Chapter 3: The computer graphics industry evolves
3.5 Input devices
Input devices were also a very important part of the systems that were evolving during this early part of CG history. As mentioned earlier, typical input was accomplished with an alphanumeric terminal, function buttons and/or dials, and the light pen (or light pencil, in the case of the DAC-1 system). Also, the DAC-1 system pioneered the use of photographic input (what would later give rise to scanning technology.) The joystick was adapted to provide numerical input.
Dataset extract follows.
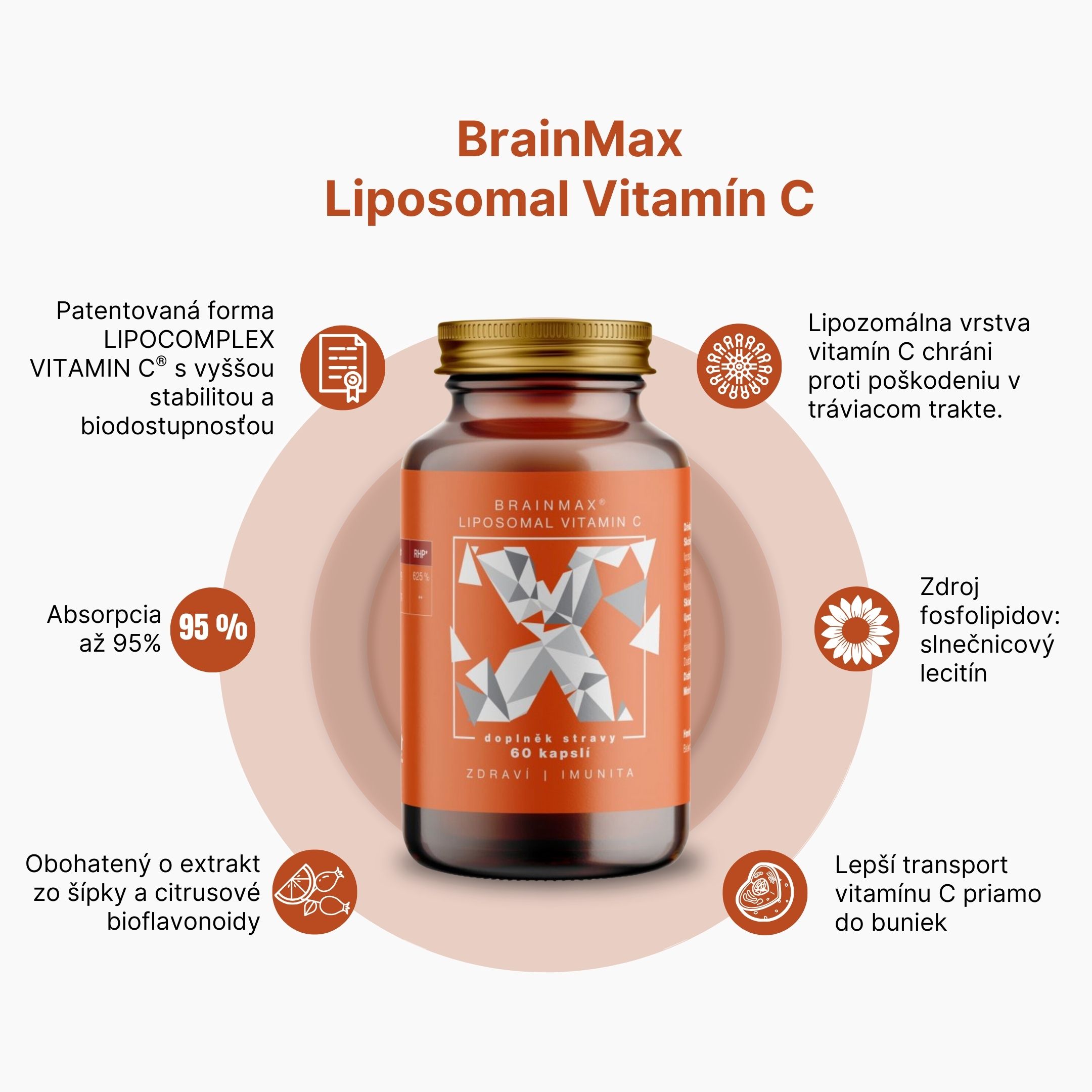 BrainMax Liposomal Vitamin C UPGRADE, Lipozomálny vitamín C, 500 mg, 60 rastlinných kapsúl Výživový doplnok

Tom Dimond patented an approach to handwriting recognition in 1957 that utilized an innovative tablet that detected the regions of interaction, giving rise to the graphics tablet. Sylvania introduced a tablet that operated on analog voltage principles. One of the most innovative input approaches at the time was manifested by the Rand Tablet. It consisted of a matrix of crossed conductors. The circuitry of the tablet used switching techniques to apply pulses to the conductors in sequence, thus coding their individual locations. When a stylus was touched to the surface of the tablet, it picked up pulses capacitively from the closest of the horizontal and vertical conductors which was converted into an (x,y) coordinate value. The tablet was marketed commercially as the Grafacon tablet, and was often bundled with early DEC computers. It was priced around $18K.
A variation on the graphics tablet approach to input was the sonic pen input tablet introduced in 1970. This technology used three microphones, positioned perpendicularly in the same configuration as the cartesian coordinate axes. A stylus generated a sound, for example with a spark generator, and the position was determined by the triangulation of the distances determined by the microphones. A three dimensional (x,y,z) coordinate resulted from the input. The sonic pen device shown here being used by Charles Csuri was developed at The Ohio State University, and it is being used here to control an image on the screen of a Vector General graphics display behind it. It was also used to “trace” three dimensional objects or paths.
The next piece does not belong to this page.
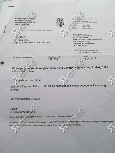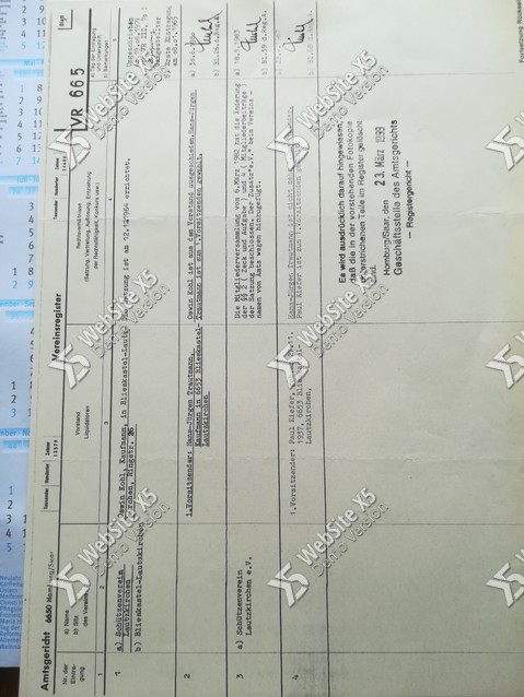 Beim Amtsgericht Homburg fanden wir eine Eintragung im Vereinsregister Band I Nummer 19 . Akt 1 - 4.
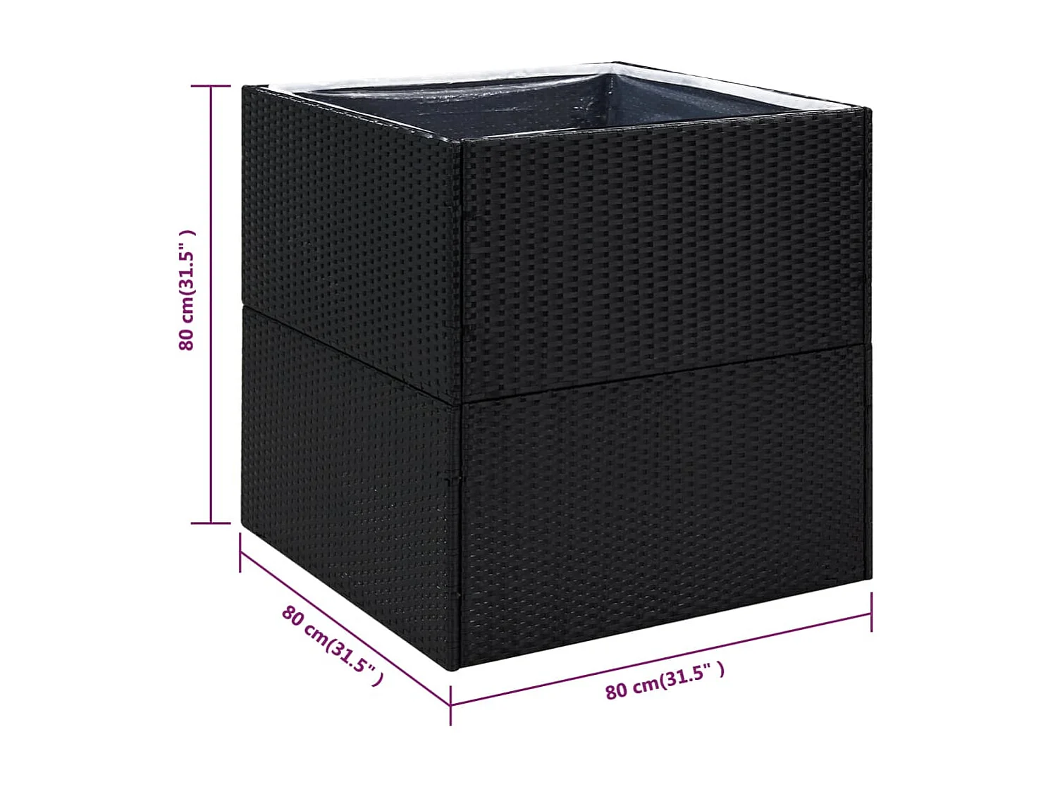 Schwarzer Pflanzkübel 80x80x80 cm aus gewebtem Harz

In 1963, Douglas C. Englebart was working at the Stanford Research Institute. He set up his own research lab, which he called the Augmentation Research Center. Throughout the 1960s and 1970s his lab developed an elaborate hypermedia groupware system called NLS (oNLine System). NLS facilitated the creation of digital libraries and storage and retrieval of electronic documents using hypertext. NLS used a new device to facilitate computer interaction — the mouse. The design of the mouse included two opposing rollers set in the bottom of a block of wood. As it was rolled over a surface, the distance and the speed of the rollers inside the block could be sensed and returned to the computer to which it was attached. It could therefore control how a tracking cursor on the display moved and was positioned. A selector button on top could be pressed, defining an event that the computer could use to identify the position of the tracking cursor at the time of the event.
On December 9, 1968, Engelbart and the group of 17 researchers working with him in the Augmentation Research Center at Stanford Research Institute presented a 90-minute live public demonstration of the online system, NLS, they had been working on since 1962. The public presentation was a session in the Fall Joint Computer Conference held at the Convention Center in San Francisco. This was the public debut of the computer mouse. But the mouse was only one of many innovations demonstrated that day, including hypertext, object addressing and dynamic file linking, as well as shared-screen collaboration involving two persons at different sites communicating over a network with audio and video interface. This demonstration has become known as “the mother of all demos” at the Joint Computer Conference. The entire 90 minute demo, in 35 sections (Section 12 of the demo describes the mouse), is online at http://sloan.stanford.edu/mousesite/1968Demo.html
http://www.computerhistory.org/revolution/input-output/14/intro/1876
The following quotation from Engelbart is from an article titled The Click Heard Round The World, by Ken Jordan, in a 2004 issue of Wired Magazine.
“The mouse we built for the [1968] show was an early prototype that had three buttons. We turned it around so the tail came out the top. We started with it going the other direction, but the cord got tangled when you moved your arm. I first started making notes for the mouse in ’61. At the time, the popular device for pointing on the screen was a light pen, which had come out of the radar program during the war. It was the standard way to navigate, but I didn’t think it was quite right. Two or three years later, we tested all the pointing gadgets available to see which was the best. Aside from the light pen there was the tracking ball and a slider on a pivot. I also wanted to try this mouse idea, so Bill English went off and built it. We set up our experiments and the mouse won in every category, even though it had never been used before. It was faster, and with it people made fewer mistakes. Five or six of us were involved in these tests, but no one can remember who started calling it a mouse. I’m surprised the name stuck. We also did a lot of experiments to see how many buttons the mouse should have. We tried as many as five. We settled on three. That’s all we could fit. Now the three-button mouse has become standard, except for the Mac.”